Fiona Murray
Type 2 diabetes is a widespread metabolic disorder that is on the rise in the UK. Reduced production of the hormone insulin by specialised cells in the pancreas called beta cells, and resistance of the body to insulin contribute to the development of the disease. Type 2 diabetes is a significant economic burden to the NHS and increases the frequency of other diseases such as hypertension and stroke. Understanding the mechanisms that contribute to the progression of type 2 diabetes may uncover novel therapeutic approaches.

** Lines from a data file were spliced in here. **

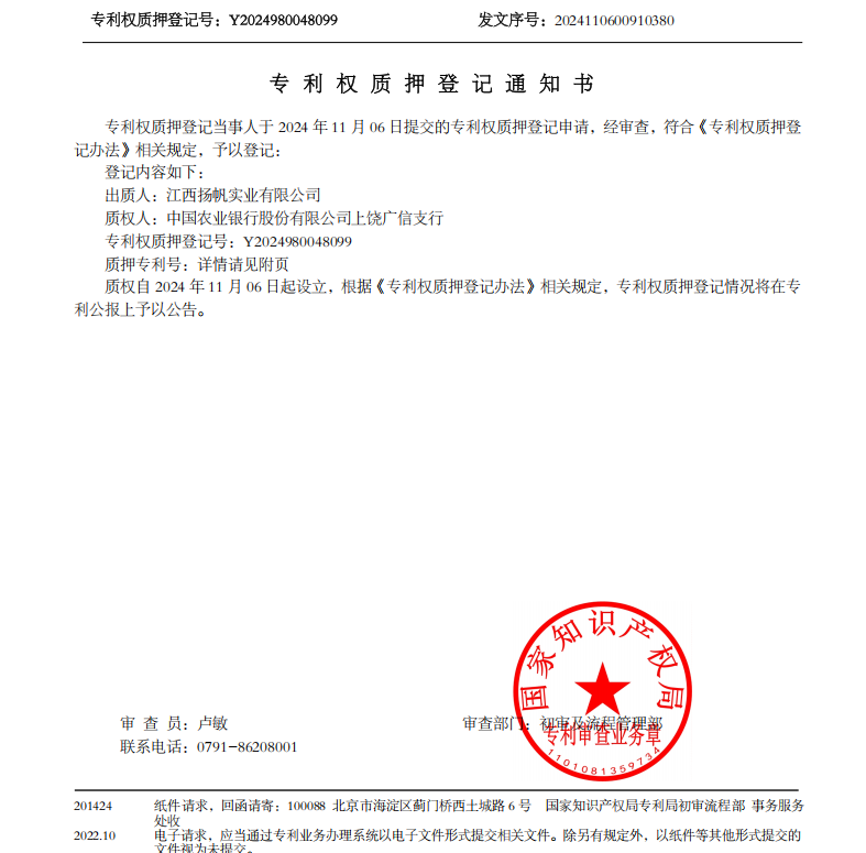 江西扬帆实业有限公司通过上饶市知识产权第三方转移转化运营平台知识产权服务专区发布的专利转化信息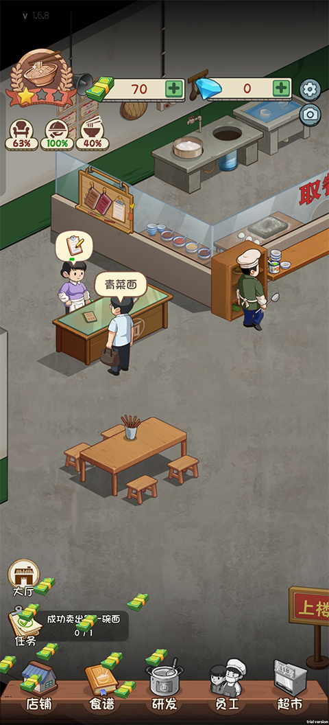 1、玩家可以建造各种设施,不断的完善自己的餐厅。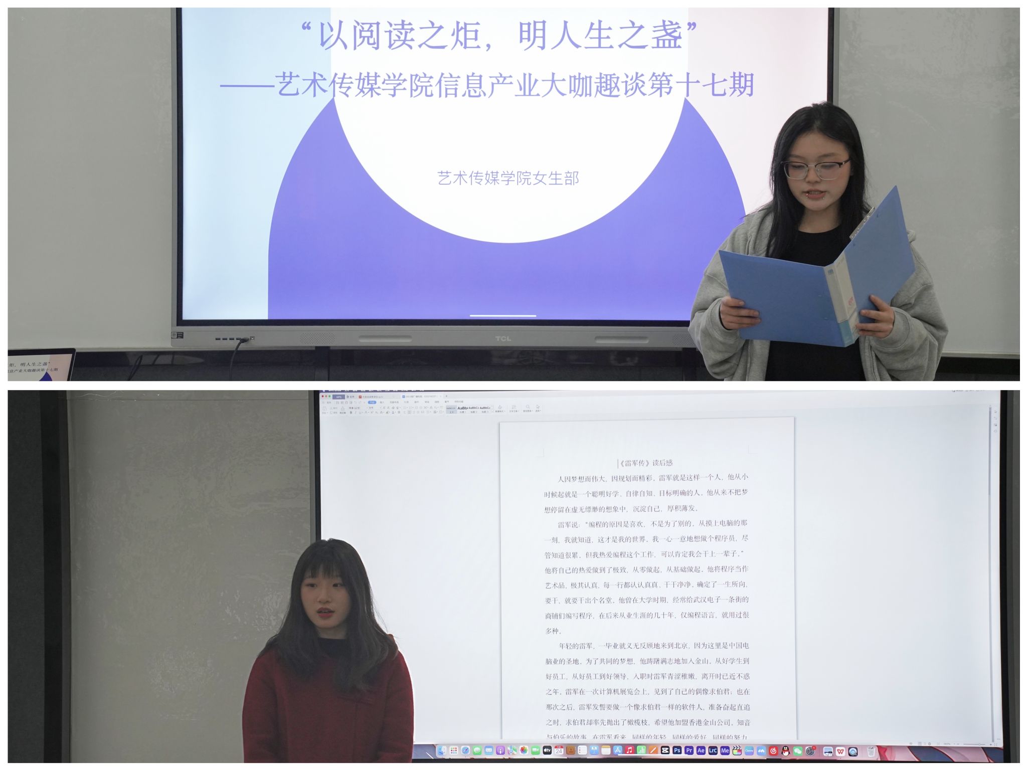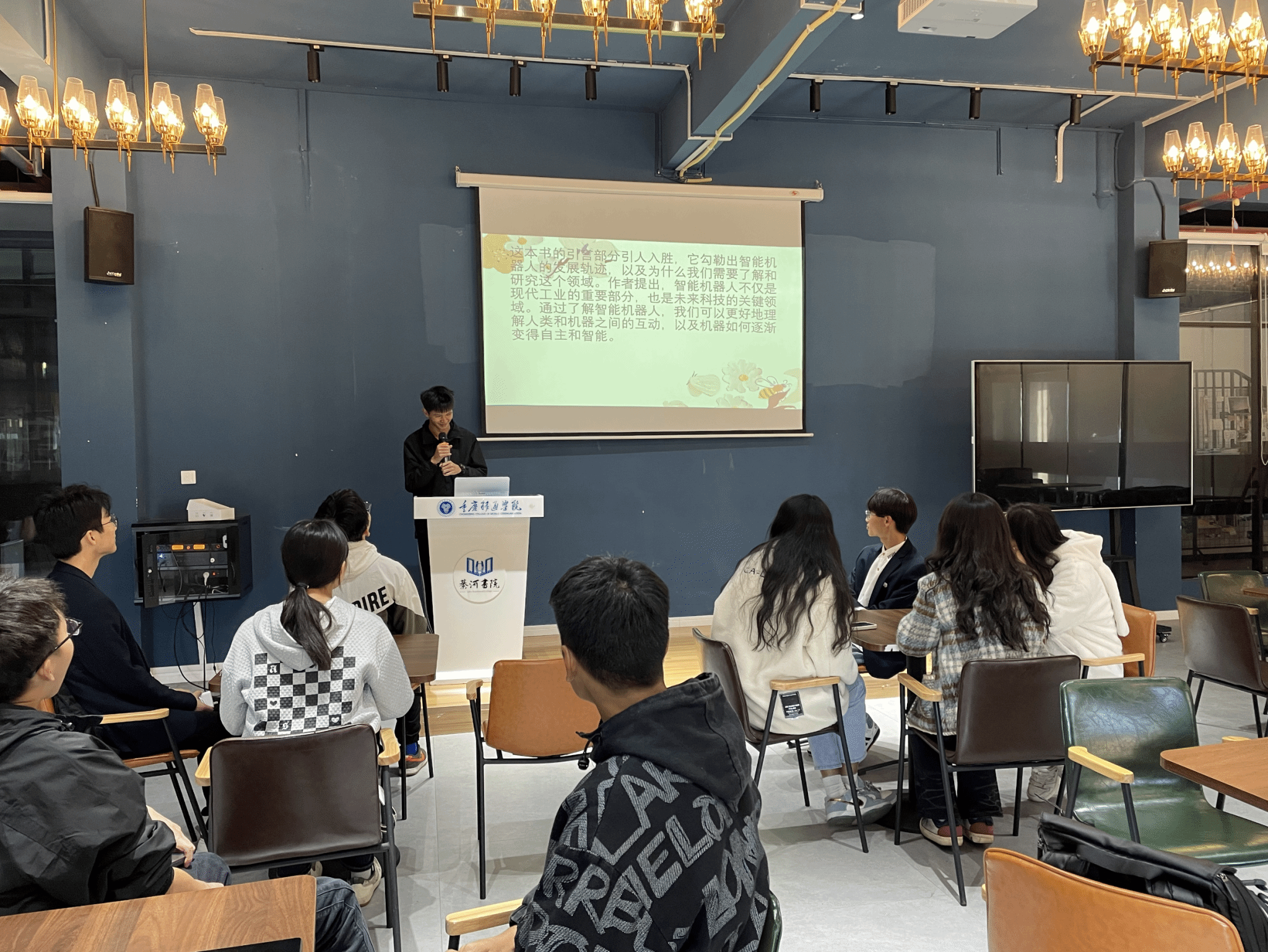 艺术传媒学院(合川校区)人类的文明能够薪火相传离不开阅读的力量,离不开千百年来我们对于知识的崇尚。艺术传媒学院开展“以阅读之炬,明人生之盏”为主题的大咖阅读活动,以宣讲会的形式让同学们明白阅读的重要性,在环境的督促下能够自觉形成阅读的习惯,与大咖共度大学时光。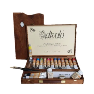 COMPLETE WOODEN BOX CM 28 X 42 – BETACRIL 60 ml CONTAINS: – Extra-fine Betacril Acrylic Colors 15 tubes of 60 ml – 1 palette – 2 bottles of acrylic medium – 2 long-handled brushes – 1 pack of charcoal – 1 single bowl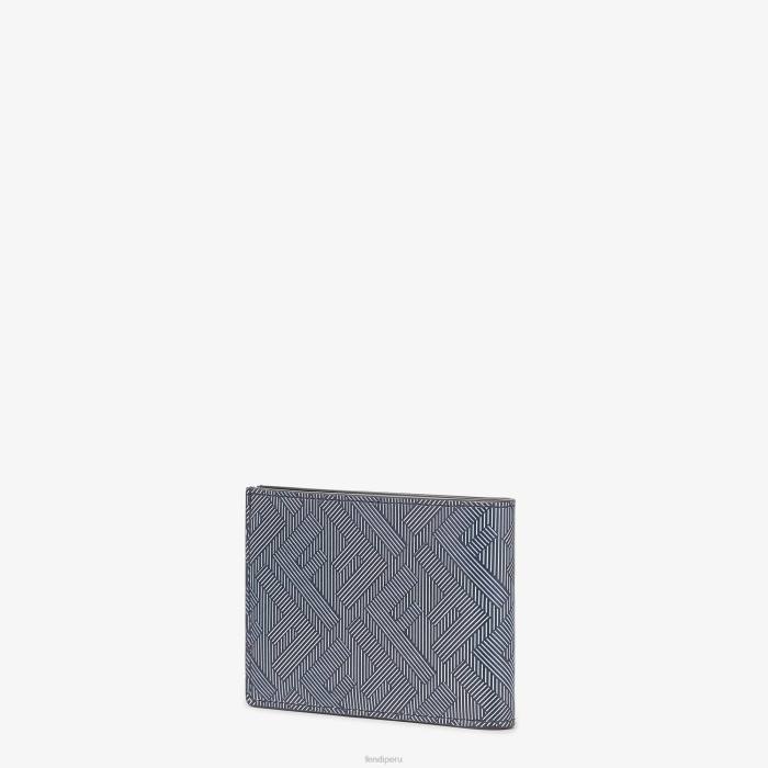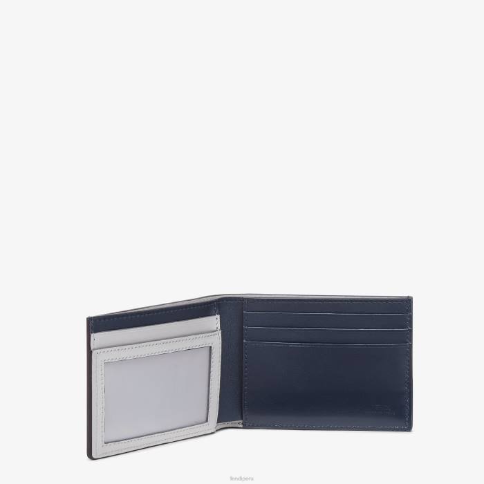 Cartera plegable con compartimento para billetes, cuatro ranuras para tarjetas y un bolsillo para documentos revestido con textura transparente. Confección en piel Fendi Shadow en gris claro y azul, con motivo ff de rayas texturizadas. Forro de piel blanca y azul. Letras Fendi Roma y artículos metálicos con acabado en paladio.

Many mediators, such as hormones, control the functions of cells throughout the body by interacting with proteins present on the cell surface, called G protein-coupled receptors. G protein-coupled receptors allow cells to communicate with their environment. The accessibility of these proteins on the cell surface and their distribution in specific tissues make them excellent drug targets: >30% of current approved drugs target G protein-coupled receptors. My team are currently interested in a particular G protein-coupled receptor, namely GPR75, which is found on pancreatic beta cells and thus may have a role in insulin release and maintaining normal blood sugar. However, no mediator has yet been identified that interacts with GPR75. The aim of our research is to determine if GPR75 production is altered in models of diabetes and uncover its function in the beta cell. Moreover, we will develop an assay to identify novel compounds that interact with this receptor and may become new drugs. Investigating GPR75 may advance understanding and even treatment of type 2 diabetes.